I wrote my Wig compiler in Python. (Mini-rant: I would've actually liked to use Haskell, but my partner did not know Haskell and knew Python, so that's what we decided to use; had I known he'd abandon the course 4 weeks in, I would have pushed harder for Haskell.) Python is an OO language, and so a common way to walk through the AST is to use visitor pattern. I went ahead and added an accept method to every Node subclass and created an ASTVisitor class which had preVisit and postVisit methods for every node type. I was ready to implement my symbol table: I subclassed ASTVisitor and had something similar to this code:

class SymTableVisitor(ASTVisitor):
    def __init__(self):
        self.symtable = SymTable()

    def preVisitFunDecl(self, node):
        self.symtable.enterScope()
        self.symtable.addSymbol(node.fun_name, 'function')

    def postVisitFunDecl(self, node):
        self.symtable.exitScope()

    def preVisitVarDecl(self, node):
        self.symtable.addSymbol(node.var_name, 'variable')

Obviously there were more cases to handle in the actual code, but this should give you a good idea of how I wrote my implementation. Initially, this seemed quite clever, because symtable is always in the correct state when I visit the different node types. It's only when the time came to implement type checking that I started seeing the problems with my approach.

The Flaw

Here is the major flaw in my design, which causes many smaller problems and annoyances:

The symbol table exists only while SymTableVisitor is executing.

The ephemeral nature of the symbol table has two consequences:

Any code that needs to use the symbol table must be a sub-class of SymTableVisitor;
We cannot have any algorithm that works in two passes.

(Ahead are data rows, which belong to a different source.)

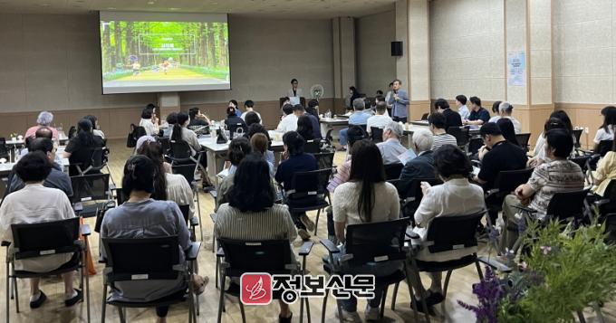 ![]() 나주문화재단 김찬동 대표이사가 한국문화예술위원회에서 열린 사업설명회에 참석해 공모 선정을 위한 발표를 진행하고 있는 모습. (사진 제공-나주문화재단) |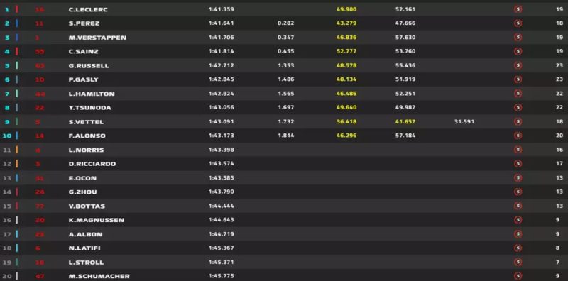 A sessão ainda foi marcada por uma bandeira vermelha em sua reta final, quando Lance Stroll bateu sua Aston Martin na barreira de proteção e não conseguiu retornar a disputa. Os eliminados foram: Magnussen, Albon, Latifi, Stroll e Schumacher.
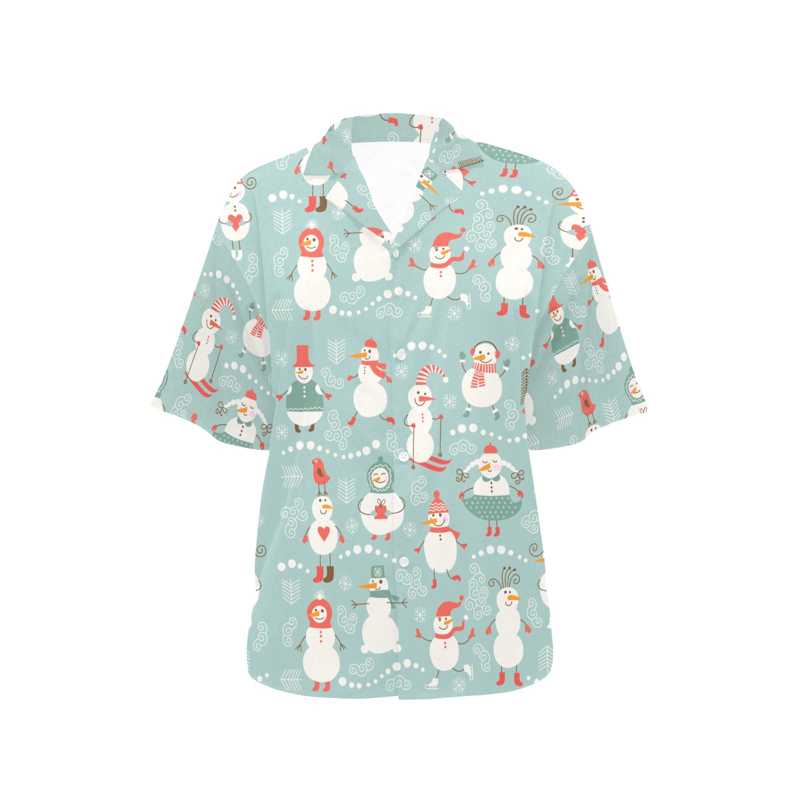 Cute snowman pattern Women's All Over Print Hawaiian Shirt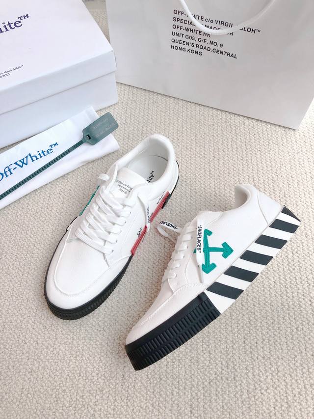 潮牌箭头斑马线大底,官网同步现货供应OFF WHITE经典十字标撞色标志潮范十足,是经典板鞋时尚百搭必选款喔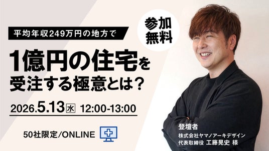 当社はこうした状況を踏まえ、商品供給にとどまらず、工務店の営業活動や住まい提案の付加価値向上を目的とした本セミナーを企画しました。当日は、青森県で1億円の住宅を販売する株式会社ヤマノアーキデザインの工藤晃史氏が登壇し、今後の住宅提案のあり方や、工務店が選ばれ続けるための考え方、生産性向上につながる視点をお伝えします。本セミナーを通じて、地域で質の高い住まいを提供し続けられる工務店の基盤づくりを後押しすることを目指します。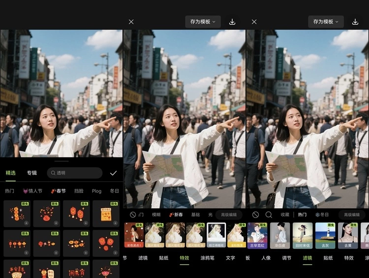 •海量模板,承包朋友圈:不想手动修图?没关系!海量独家春节素材&模板同步上新至灵感社区,创意拜年模板、新年氛围滤镜、醒图独家创意红包应有尽有,不用费心设计一键套用,朋友圈潮流这次由你领跑!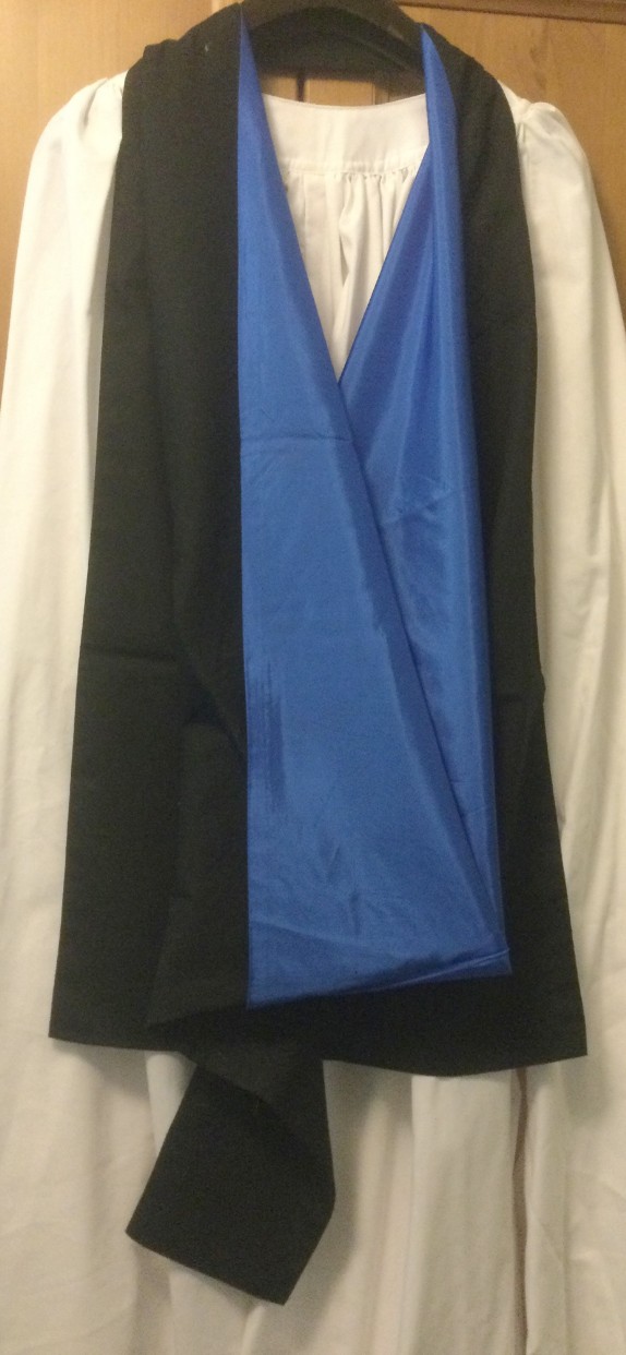 This hood will also do duty as a Cambridge MPhil, as the lining is the correct shade. Specified simply as “blue” in Ordinance II.12, the MPhil lining is variously described as “royal blue” (Ryder and Amies website, Shaw 3) and “dark blue” (Shaw’s Cambridge pamphlet, Groves TBS 13). It is in practice the shade previously used by the BEd, with the MEd receiving the “light blue” originally intended for the MPhil. Recent MPhil hoods from Ede and Ravenscroft are being lined with an Oxford blue, which is much too dark.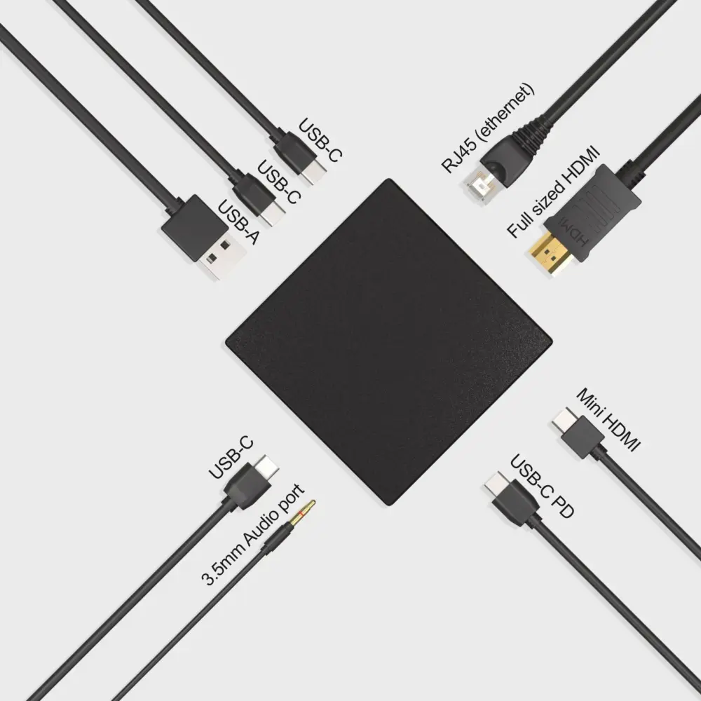 本製品が提供する合計8つのポートは、モバイルデバイスの作業効率を飛躍的に向上させます。前面には3.5mmヘッドホンジャックを配置し、オーディオ環境を確保。側面にはUSB Power Delivery(PD)に対応したUSB-Cポートを備え、ハブ機能を使用しながらの急速充電に対応します。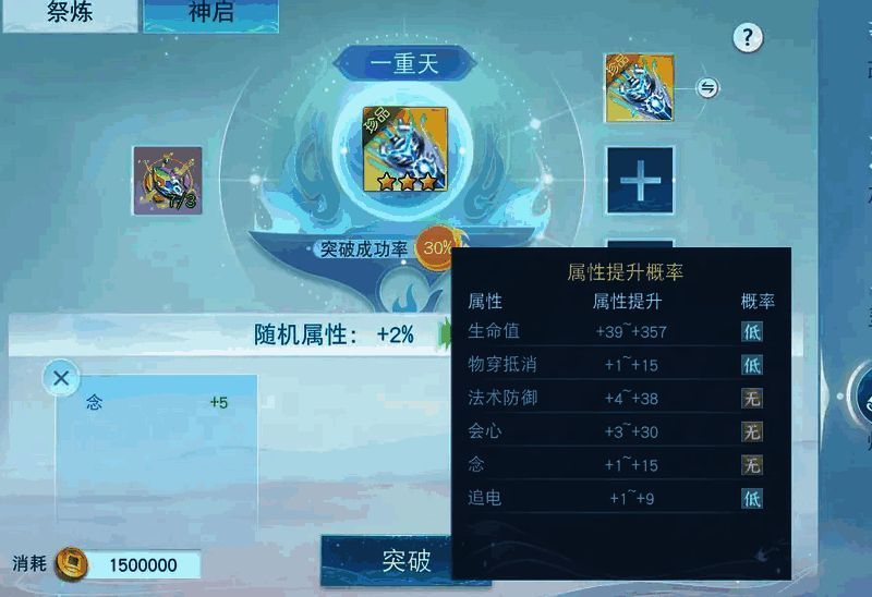 当前装备神启开放的最高等级为【三重天】,当装备达到三重天阶段后,少侠将无法再对当前装备进行突破。

The first point has many implications: we cannot write a traversal of the AST in any other way than by using a visitor and the subclass must carefully call the proper super-class methods (e.g. preVisitFunDecl) at the appropriate point. The second point can prevent mutually recursive functions and forces us to write functions in the proper order.

A possible solution

One possible solution to the problem, and the way I did in my own project, was to modify SymTableVisitor to create a complete data structure that could then be passed to other algorithms and be queried without being in the correct visitor context. A T.A. for the class suggested that I create a dictionary mapping AST nodes (i.e. those that introduce a new scope) to a symbol table. So now, my SymTableVisitor looks more like this:

class SymTableVisitor(ASTVisitor):
    def __init__(self):
        self.symtable = SymTable()
        self.all_tables = {}

    def preVisitFunDecl(self, node):
        self.symtable.enterScope()
        self.symtable.addSymbol(node.fun_name, 'function')

    def postVisitFunDecl(self, node):
        self.all_tables[node] = copy.deepcopy(self.symtable)
        self.symtable.exitScope()

    def preVisitVarDecl(self, node):
        self.symtable.addSymbol(node.var_name, 'variable')

After the visit is complete, we can easily fetch the dictionary of symbol tables, pass it to other passes that can inspect it and update it. It's not a perfect solution, for example you need a mechanism to propagate information in a node to all its descendents, but it was more than enough to get me through the rest of the project, and implementing type checking and code generation was much easier and less error prone.